Some things can’t be told. The consequences would be unbearable, or so it seems to the one who would have to do the telling.
So they stay hidden. Over and dead if you’re lucky; festering if you’re not. And sometimes, even when you’ve kept your silence (Penn State comes to mind), they have a way of breaking through.
These unspeakable, seamy pockets of life are the driving force in “Trouble,” an exhibit of small-scale, big-impact prints and paintings by Nicholas Sistler that opens Friday at Tony Fitzpatrick’s Firecat Projects. The 30 pieces in the show are built around images from the pornography collection of the Kinsey Institute.
The photographs, rendered by Sistler in the paintings and incorporated digitally in the prints, are mostly stiletto-and-garter-belt fantasies from the first half of the 20th century. He drops them into cartoonish but sinister interiors, viewed from a perspective so close to the ground it could belong to a fallen adult, but is more likely that of a child. There’s a range of content, including the dreamy eroticism of Reverie, which juxtaposes images of two aroused but isolated adults, but the most common theme is bondage: the occasional man, but mostly women, trussed and subjugated.
Sistler says his work wasn’t always like this. The School of the Art Institute graduate and former performance artist, who now works out of his home and studio in Bucktown, was happily engrossed in something completely different a decade ago, when his art suddenly took a “drastic turn.” He’d just completed an abecedarium—an alphabet series of three-inch-square gouache paintings illustrating aspects of art, from aperture to Zoetrope.
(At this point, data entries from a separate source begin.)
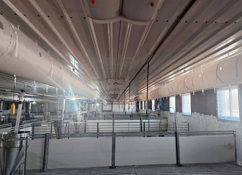 該育肥場實(shí)施了正壓通風(fēng)系統(tǒng)的升級改造,這一舉措提升了養(yǎng)豬場環(huán)境質(zhì)量和生物安全水平,減少疾病傳播的風(fēng)險(xiǎn),進(jìn)而增進(jìn)了豬只的整體健康水平和生產(chǎn)效率。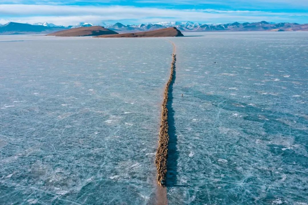 它是世界上海拔最高的村落之一,當(dāng)?shù)卮迕穸家苑拍翞樯?。寒冬?lái)臨,岸上的牧場(chǎng)草料已經(jīng)不夠羊群過(guò)冬,推瓦村的村民們把羊群集結(jié)在一起,在冰湖上撒牛糞爐灰,畫(huà)出一道冰面上的“羊腸小道”把羊群趕上普姆雍錯(cuò)湖心島上吃草過(guò)冬,雖然只有幾公里的距離,但這個(gè)傳承千年的畫(huà)面卻給人以史詩(shī)般的震撼與感動(dòng)。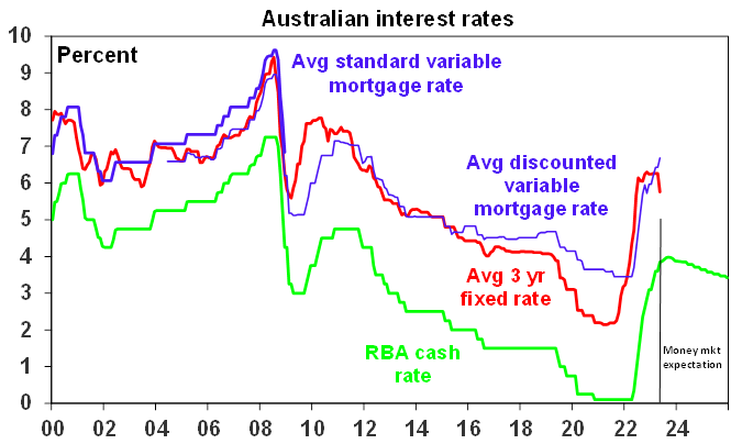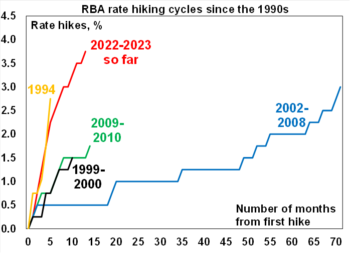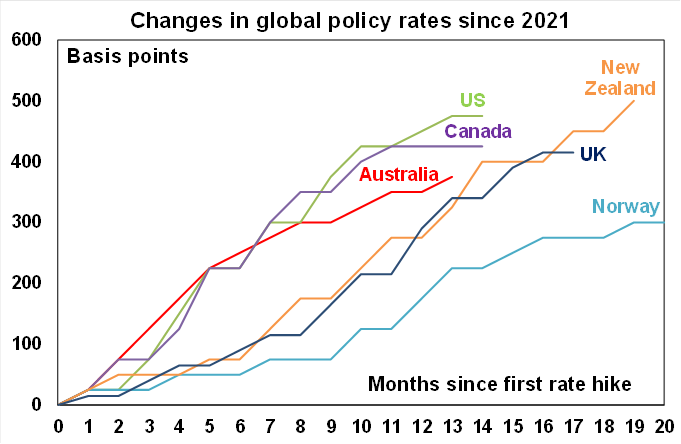In hiking the cash rate by another 0.25% the RBA noted that while inflation has peaked, it’s still too high and is not expected to return to the top of the target range until mid-2025, services price inflation is still very high, the labour market remains very tight with rising unit labour costs and subdued productivity and there are upside risks to wages growth.
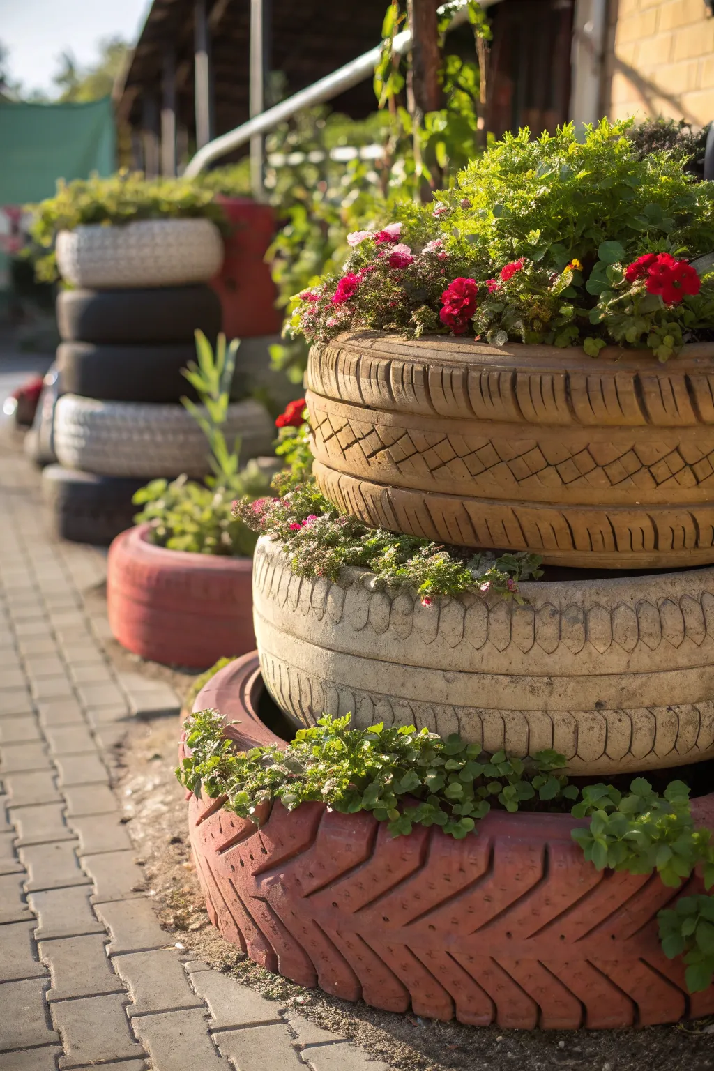 Position tires vertically to craft a tire pillar with plants cascading over the sides. It’s an unexpected and artistic focal point for any garden.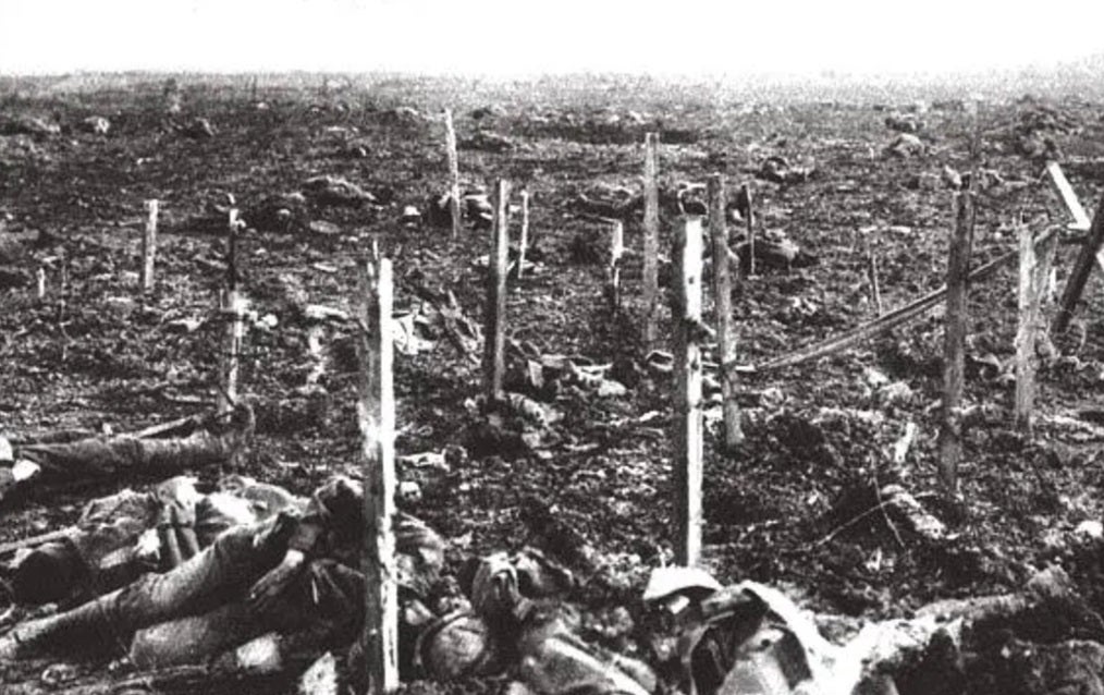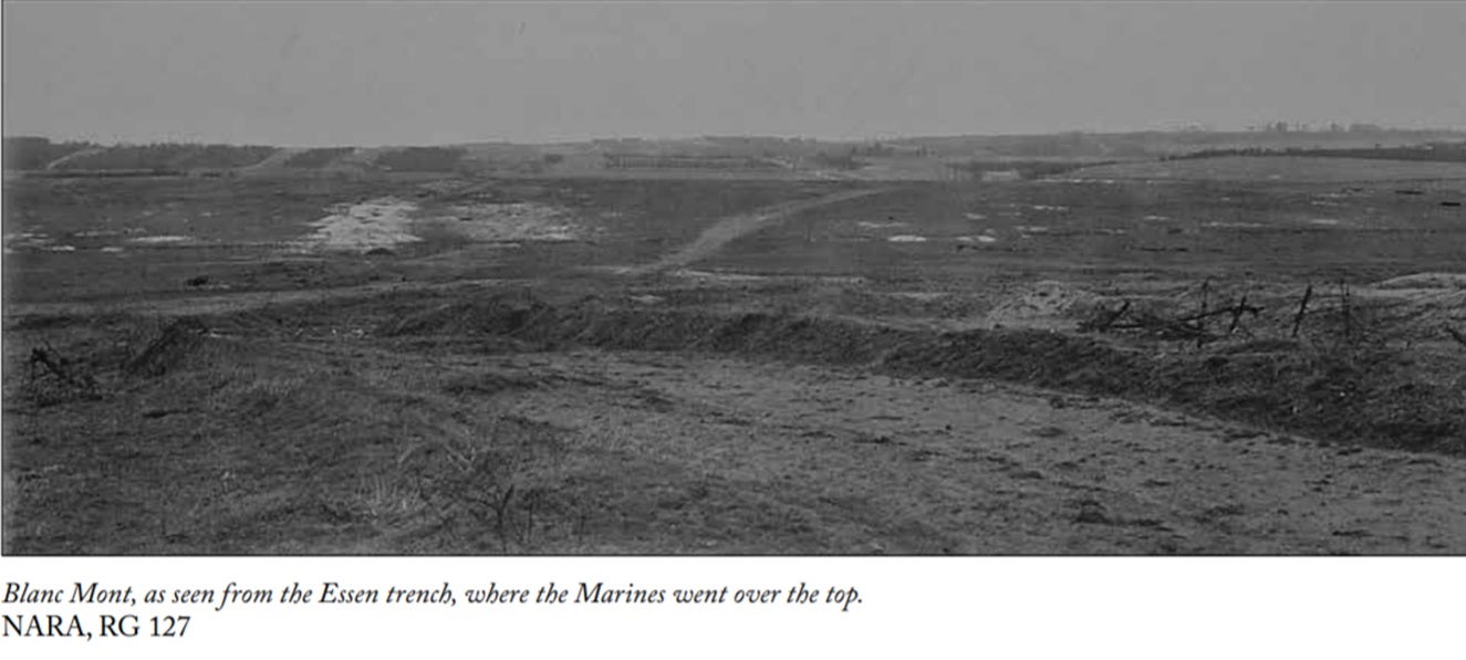 At 0800 hours (8:00 A.M.), the 2nd Division took command of their front, and the 4th Marines saw the horrors of the battle-scarred chalky white soil they would need to cross . The terrain was mostly flat with farrow fields overgrown with wild grass and destroyed towns in the distance, but pockets of long-slopping hills and ridges manifested between the open fields of fire that made picking of an attacker easy for the fortified German defenses. The ground was littered with dead soldiers, scattered material, and dead horses; the smell was unspeakable from the odor of the rotting corpses. In the distance, Blanc Mont ridge stood above a small pocket of forest, peering over the young trees like a giant eagerly awaiting its next victims.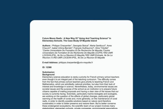 Poster de Philippe Charpentier à Wiomsa, 12ème édition: « Future Maore Reefs, a new way of doing and teaching science in elementary schools, the case study of Mayotte Island »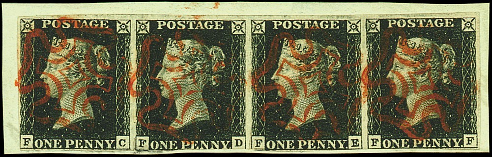 FC-FF horizontal strip of four, touched or slightly cut into at foot and touched at lower left, good to large margins other sides, tied by crisp red Maltese Cross cancellations to small piece, scarce. Photo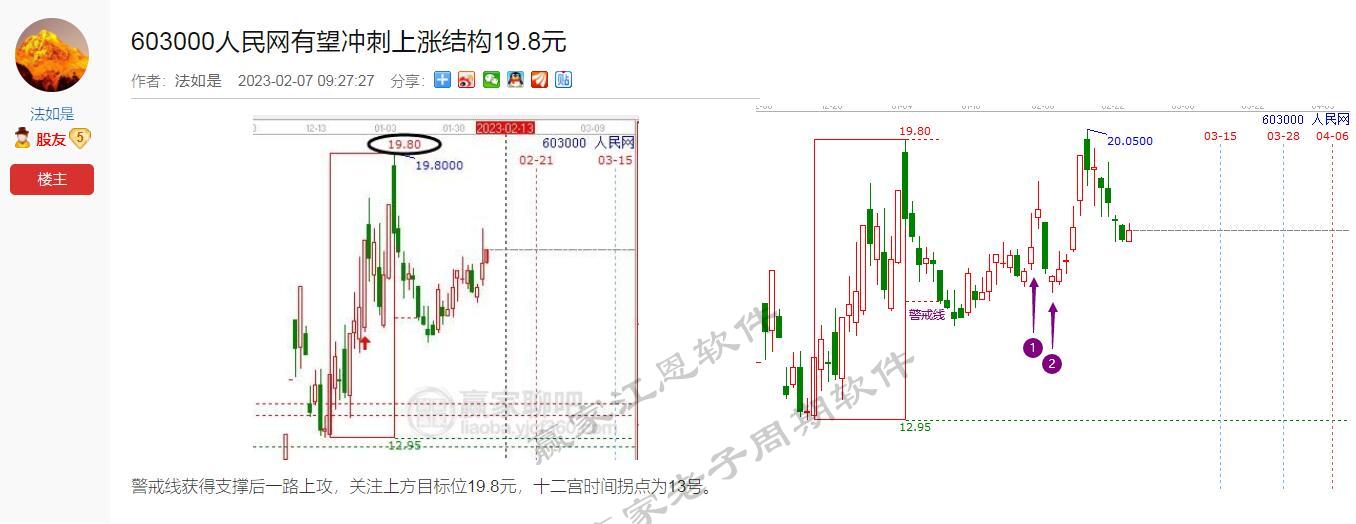 603000人民網(wǎng),2月7號依據(jù)十二宮工具分析,當(dāng)上漲結(jié)構(gòu)形成,趨勢上形成風(fēng)險(xiǎn)信號,十二宮的上漲結(jié)構(gòu)起始時(shí)間是12月15號,截止時(shí)間是1月4號??梢钥闯?/span>4號之后,股價(jià)神奇般的一路回調(diào)。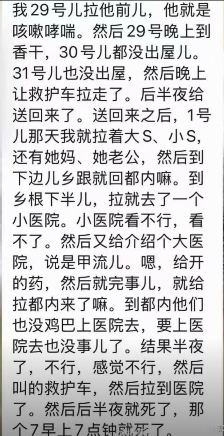 中间因为有所好转,就一直没有去,直到2月2日,大S 情况非常紧急,家人又一次叫了救护车,但是也是这天早上已经无力回天。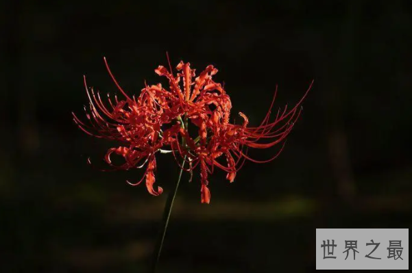彼岸花又名曼珠沙华,据说彼岸花是开在黄泉路上的都一种花,其花香能唤醒死者生前的记忆,一开始曼珠沙华是白色的,因为吸收了幽灵之后就变成了红色的,有着花开叶落,叶绽花萎的特性,象征着永远不能相见的爱人,所以它的话语是“无望的等待、相互思恋”。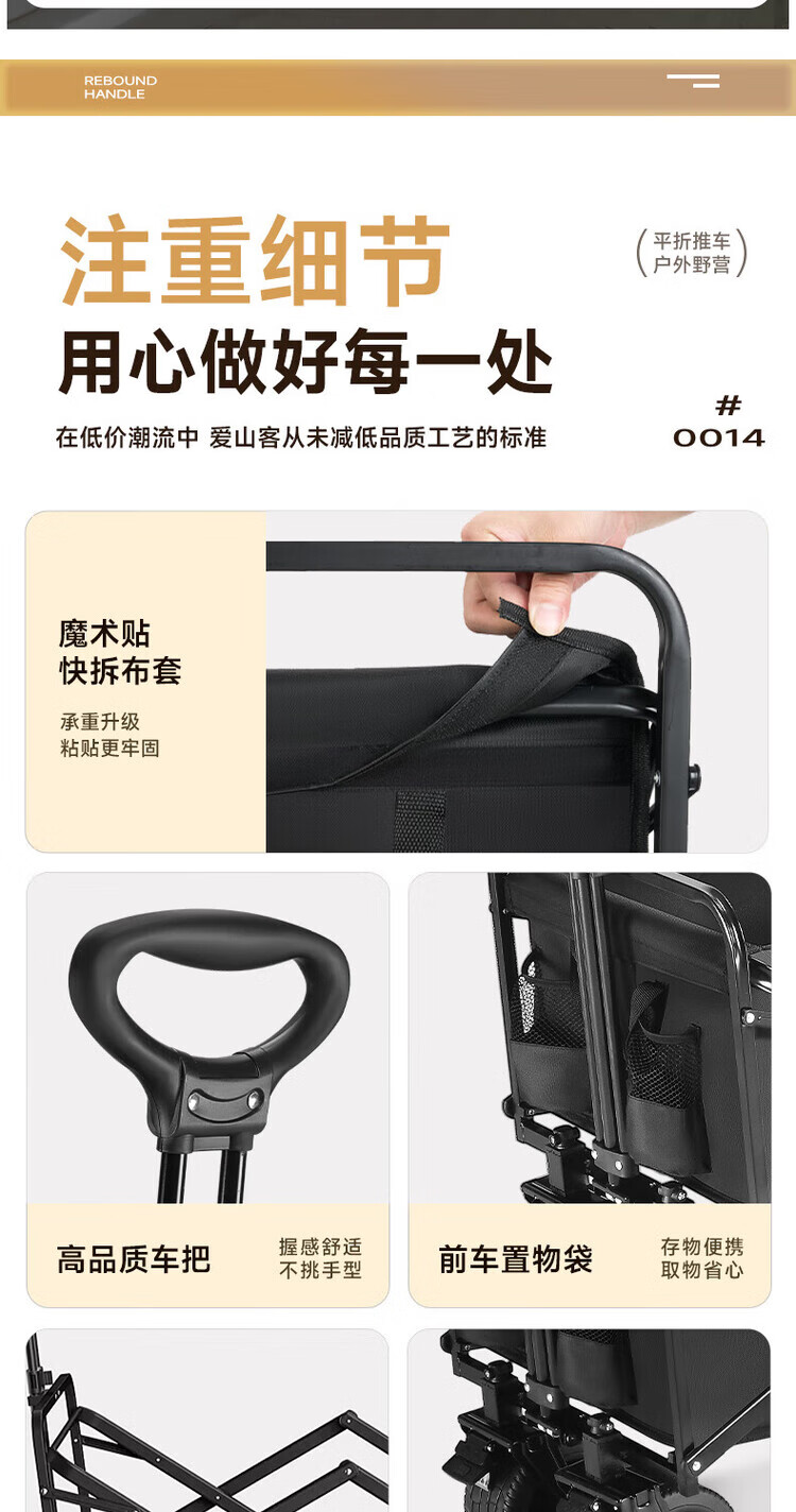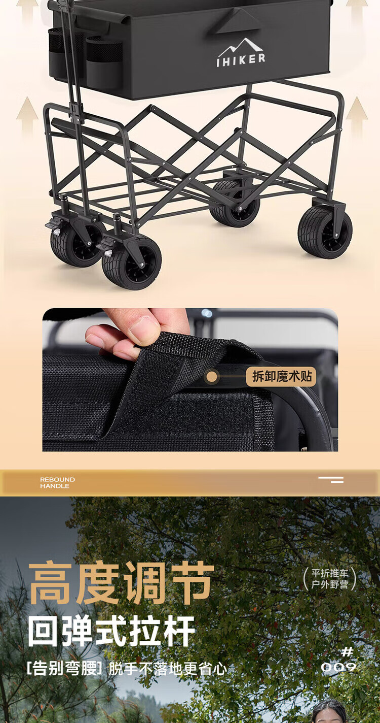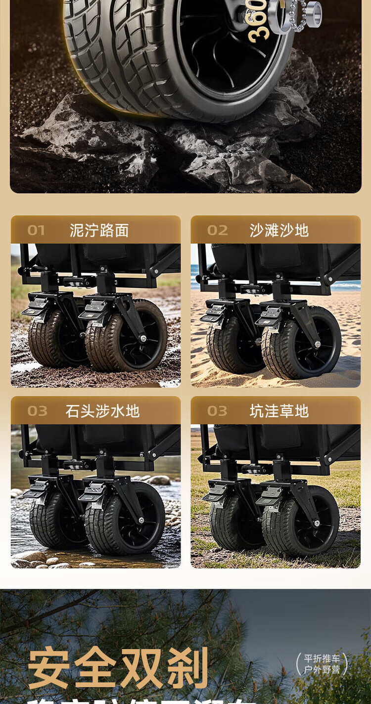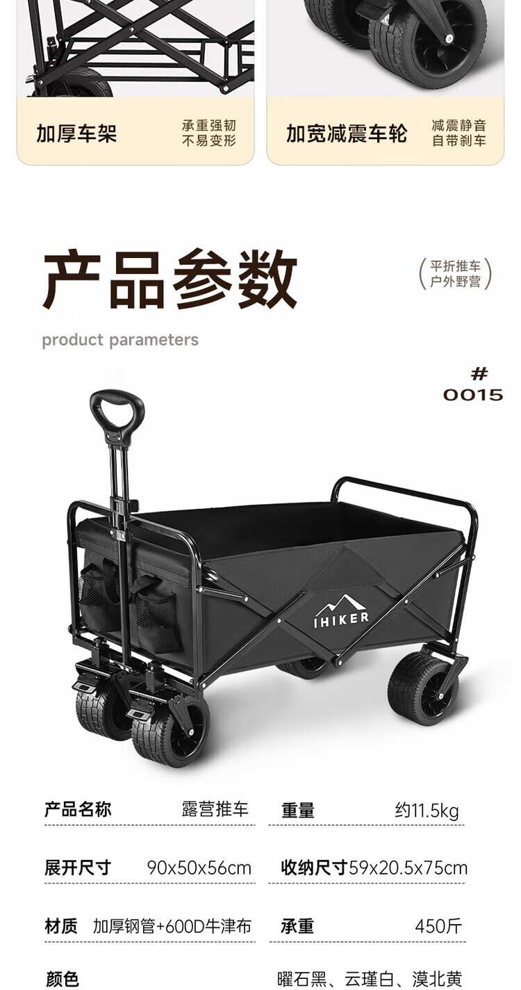 爱山客露营车户外可折叠推车超大营地车野餐车拖车野营手拉杆摆摊小推车 暗夜黑 200L 无刹车 【万向静音轮】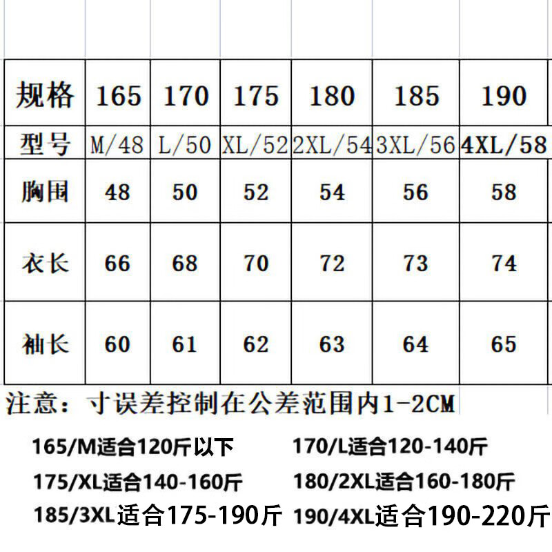 China (cm) 165 / 88-90 170 / 96-98 175 / 108-110 180 / 118-122 185 / 126-130

Witty and whimsical, the series was so child-friendly the Illinois Art Education Association made a poster of it. But in the last stages of this sunny and safe work, Sistler says, he’d begun to get a different set of marching orders. While he was painting bunnies and dinosaurs, he recalls his muses whispering, ever more urgently, “you must work with pornography.”
He began researching porn in 2002, looking for something beyond the “boring stuff” rampant on the Internet. In 2004 a friend put him in touch with Catherine Johnson-Roehr, curator at Indiana University’s Kinsey Institute, which has a collection of nearly 48,000 vintage photographs. Sistler says the collection, organized in 46 categories from “anus” to “zoophilia,” was mostly donated by the public. It starts with daguerreotypes and includes images that had clearly been in police custody. In two pilgrimages to Bloomington, he perused about 8,000 of them and brought home copies of 250 that he thought he could work with.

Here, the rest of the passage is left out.